Anyone else out there love gore, guts, and blood?


Movies, games, music, I dig it all. I love it.


----------



## Sinister Exaggerator (Mar 18, 2009)

Dead Alive (Brain Dead?) was probably the goriest film I've seen. Still stands as one of my favorites because GOD DAMN that final scene. The rest of the film is just so funny and campy and has a great sense of humor about it.


----------



## Riptor (Mar 18, 2009)

http://www.youtube.com/watch?v=UqBP5Y0hQKI

A kill montage from MadWorld.

0:42 - Spike through the ASS


----------



## pheonix (Mar 18, 2009)

There's a napalm death video on youtube that shows a guy jump of a 30+ story building and bounce of solid concrete a few times, I can't find it anymore.


----------



## LotsOfNothing (Mar 18, 2009)

Here's another one for all you Gore fans.


----------



## IceDragonVisy (Mar 18, 2009)

LotsOfNothing said:


> Here's another one for all you Gore fans.


Something tells me I should have expected that.


----------



## LotsOfNothing (Mar 18, 2009)

_Someone _had to do it, I figured I would get it out of the way.


----------



## pheonix (Mar 18, 2009)

Fail. *shakes head*


----------



## Shouden (Mar 18, 2009)

John_Galt said:


> So I'm watching videos of Manhunt 2 and the executions are censored.

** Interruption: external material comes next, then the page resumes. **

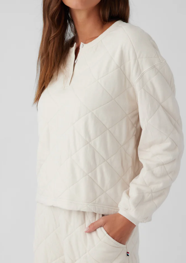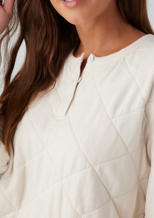 Quilted Long Sleeve Henley Sweatshirt- Ecru

I mean, I knew this beforehand, but I thought it was just the GRUESOME  executions, but no, ALL OF THEM ARE CENSORED and I'm like  because I hear the sound effects and they're fucking brutal as hell, slit throats, smashed heads and it just sort of tweaks me cause you can sort of make out what they're supposed to be.
> 
> Oh well, at least the first Manhunt had enough brutality to quench my thirst for tonight.
> 
> ...



If you get the European version, nothing is censored. Of course, you'll need a European PS2 or whatever system you're playing it on. But, Rockstar didn't want an AO rating as NO ONE carries AO games and only Microsoft supports the rating. (meaning Sony and Nintendo will refuse to carry AO rated games)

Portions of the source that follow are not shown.